* GOAL OF THE EXERCISE: Your answer should consist only of the records, copied exactly, with the images removed.
(PROVIDED MATERIAL Opens)
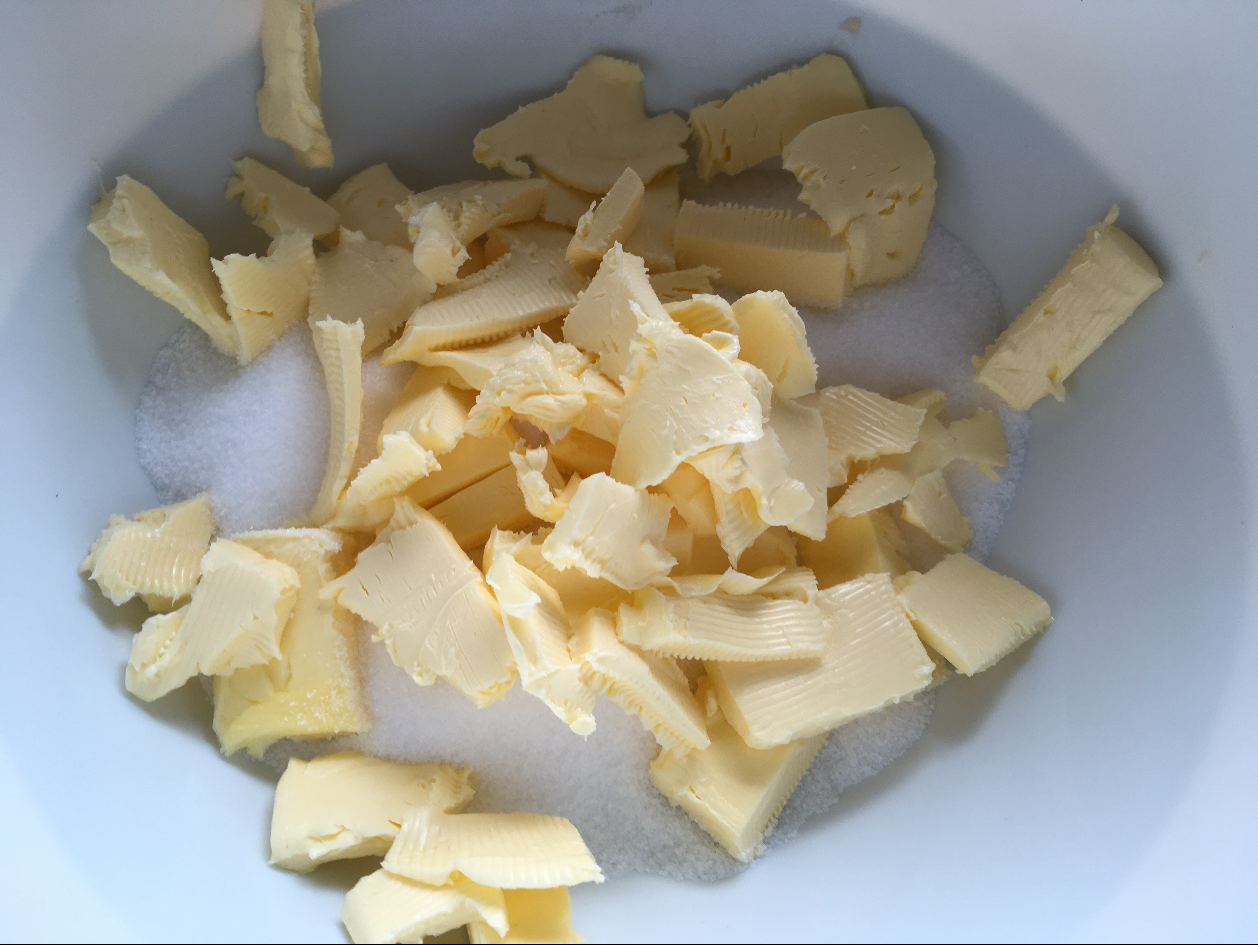 - Butter und Zucker in eine Schüssel schaumig schlagen.<>
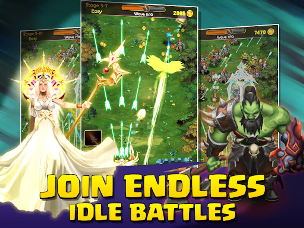 - Diverse skill system and heroes: you can create a team of different heroes, skills and classes. Smash enemy waves with your formation.
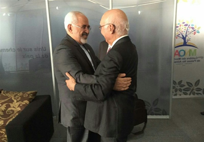 In a separate meeting, the Iranian foreign minister and his Pakistani counterpart Sartaj Aziz explored avenues for closer cooperation between Tehran and Islamabad in international organizations.
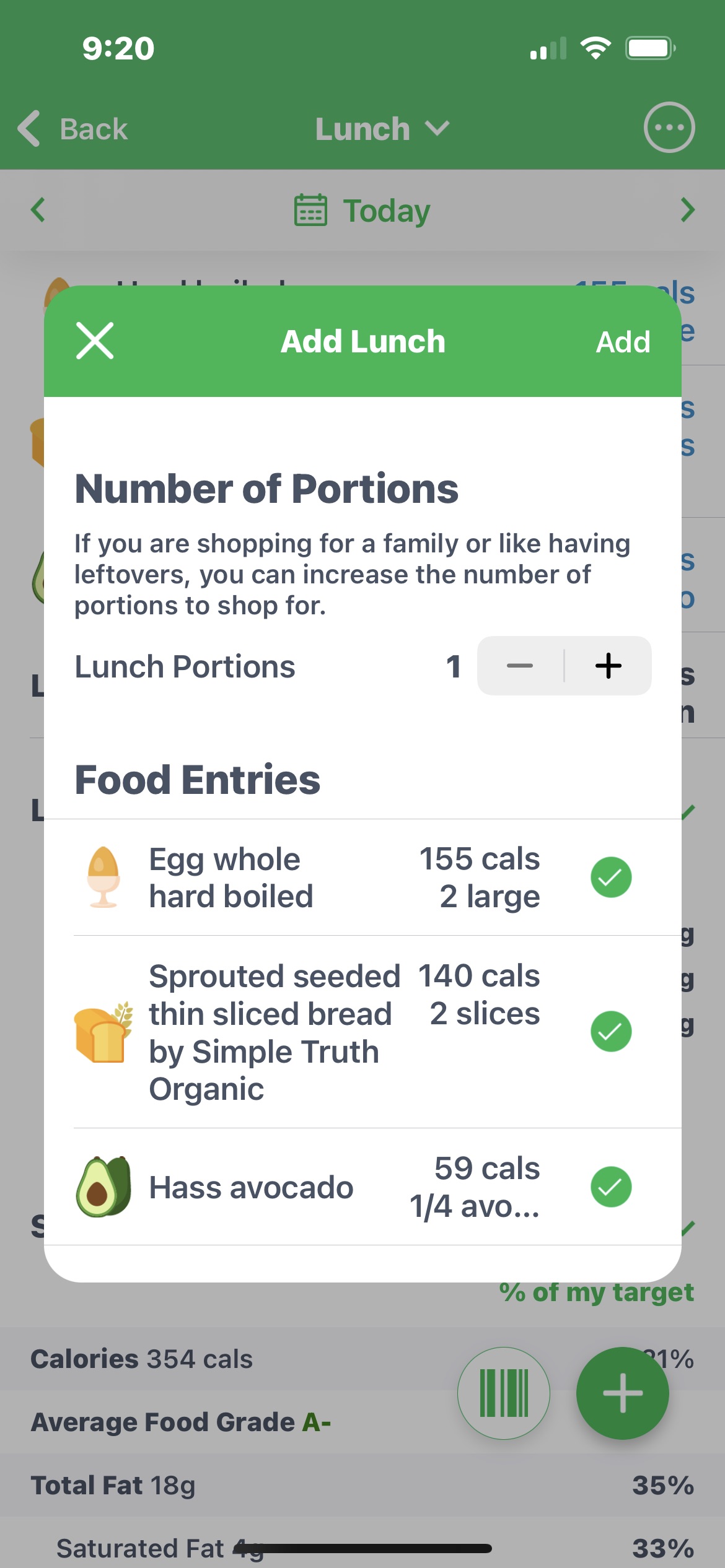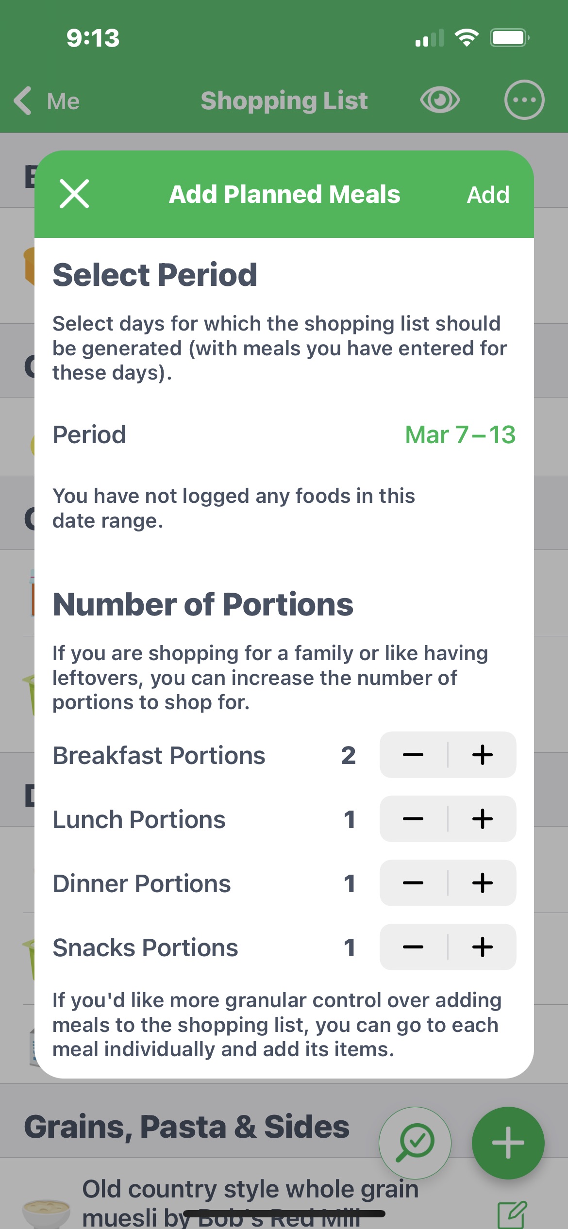While tracking your meal, tap the circle with three dots in the upper right-hand corner of the screen to add foods or other items to the shopping list. You’ll be asked, “Would you like to add just this breakfast or all planned meals?” Remove the checkmarks next to the foods you do not need on your list (see below).
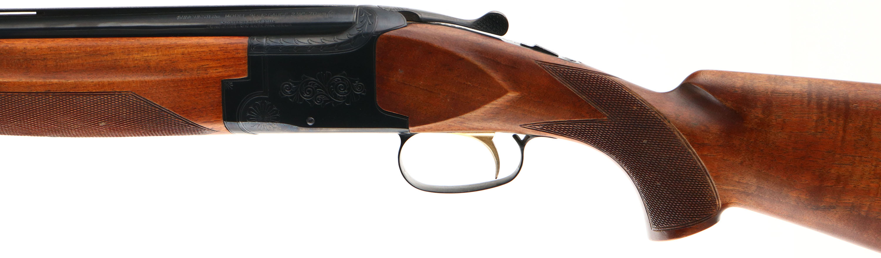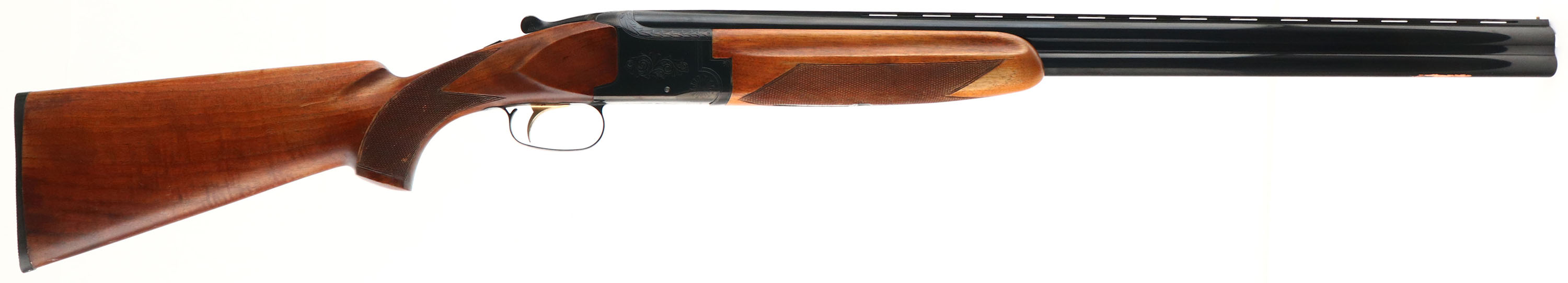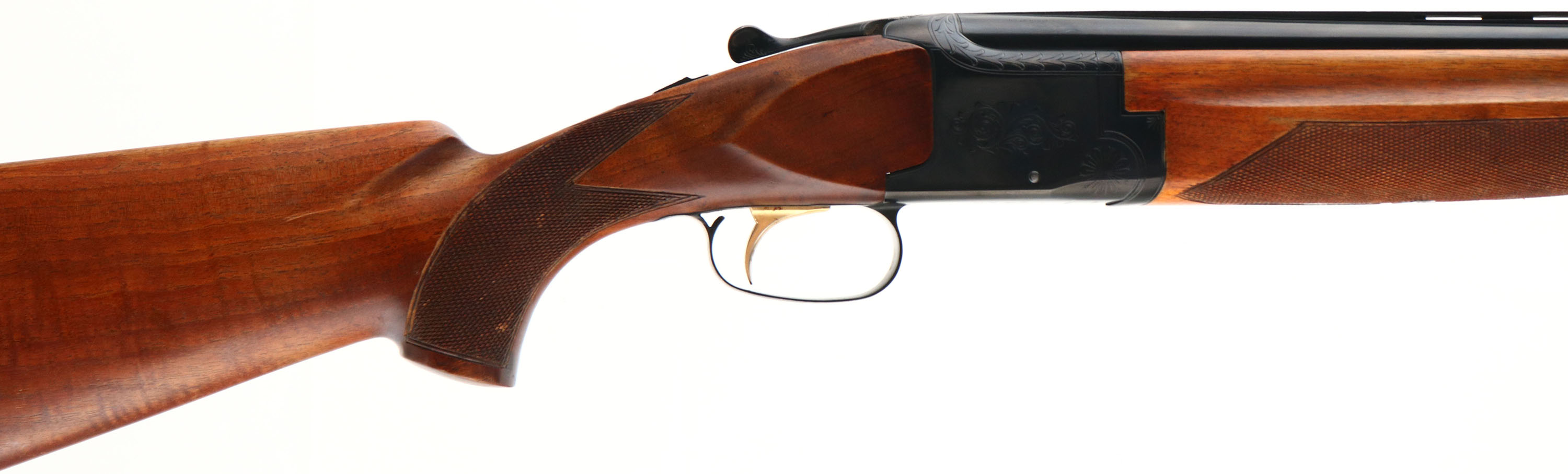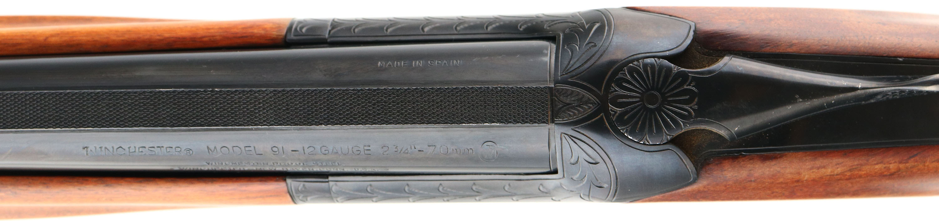 Winchester, Model 91, CAL: 12GA, MFG: 1970's, SN: WS1632, Break Action O/U, Choke: F/F+, 28'' barrels with ventilated rib. The checkered flat pistol grip stocks are excellent. There are a few minor scrapes & areas of thinning/dullness. The metal blue finish rates 95% on the barrel, with one area on the bottom barrel worn to a copper tone. Bores are excellent, with visible striations. Single front bead on the ventilated rib. Winchester checkered plastic buttplate. This model was made in Spain by Larona. FFL Req. - Value: 500 to 1000
(PROVIDED MATERIAL Closes)
* SOLUTION TO THIS TASK:
 - Butter und Zucker in eine Schüssel schaumig schlagen.<>
 - Diverse skill system and heroes: you can create a team of different heroes, skills and classes. Smash enemy waves with your formation.
 In a separate meeting, the Iranian foreign minister and his Pakistani counterpart Sartaj Aziz explored avenues for closer cooperation between Tehran and Islamabad in international organizations.
While tracking your meal, tap the circle with three dots in the upper right-hand corner of the screen to add foods or other items to the shopping list. You’ll be asked, “Would you like to add just this breakfast or all planned meals?” Remove the checkmarks next to the foods you do not need on your list (see below).
 Winchester, Model 91, CAL: 12GA, MFG: 1970's, SN: WS1632, Break Action O/U, Choke: F/F+, 28'' barrels with ventilated rib. The checkered flat pistol grip stocks are excellent. There are a few minor scrapes & areas of thinning/dullness. The metal blue finish rates 95% on the barrel, with one area on the bottom barrel worn to a copper tone. Bores are excellent, with visible striations. Single front bead on the ventilated rib. Winchester checkered plastic buttplate. This model was made in Spain by Larona. FFL Req. - Value: 500 to 1000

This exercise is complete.